# Forum > FPS > Overwatch Exploits|Hacks > Overwatch Chat >  DVa Systems Detected

## Nokokopuffs

Looks like D.Va Systems got hit

----------


## Ko1n!

Yes, this was also mentioned in D.Va's Thread.

----------


## DvASystems

Yes, some users got a ban. Not all. Currently investigating.
However this might be a start of a bigger banwave or just a small one.

----------


## phantom325

> Yes, some users got a ban. Not all.
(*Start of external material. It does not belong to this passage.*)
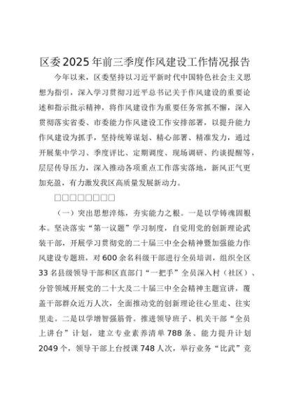 【七哥公文】2025年:区委2025年前三季度作风建设工作情况报告(1)+更多免费公文+VX:QiGeGongWen2024

Currently investigating.
> However this might be a start of a bigger banwave or just a small one.


I got banned using OverJoint, so it looks like a much bigger banwave than just a single program.

----------


## DvASystems

> I got banned using OverJoint, so it looks like a much bigger banwave than just a single program.


Seems very plausible as others told me some other cheats got hit today as well.

----------


## tienthanh2929

Lucky since his hack have a lot issues I don't use it anymore , LOL

----------


## powerfetish

bought your cheat and im also banned. can't believe there's no refund i didn't even get to play that much.

----------


## noonetsz

Bans happen ... its your own risk and everybody should know that . Everyone crying for a refund did not understand how it works and should maybe stop using cheats ? ..

----------


## DvASystems

> Bans happen ... its your own risk and everybody should know that . Everyone crying for a refund did not understand how it works and should maybe stop using cheats ? ..


At least you seem to understand that, however the rest don't. Some even forget you can update the cheat.

As for now I pass the torch to Ko1n who I believe has the longest running undetected cheat.
Then the runner up is Zemana.

Good luck boys.

edit: Kefka got hit by the same small banwave.

Note it's not all users getting banned, just a select few as there's always a risk.

----------


## Nokokopuffs

Looks like Blizzard truly isn't messing around in regards to cheating in OW. Do you think they'll keep up their zealous stance & keep fighting it or let up in due time like Valve did with CSGO?

----------


## mankey1337

It will always be a cat and mouse game with cheat providers and their games. Valve has also not given up their game making millions of dollars. Valve likes to do ban waves by the thousands aka ban whomever gets flagged. This Overwatch ban wave seems to either be banning small amounts here and there or just manual bans from user reports. My guess might just be user reports but honestly we will see within the week to see if that is true. I sugguest not using any cheat for a couple of days just to see the outcome of this weird "ban wave" that is occuring.

----------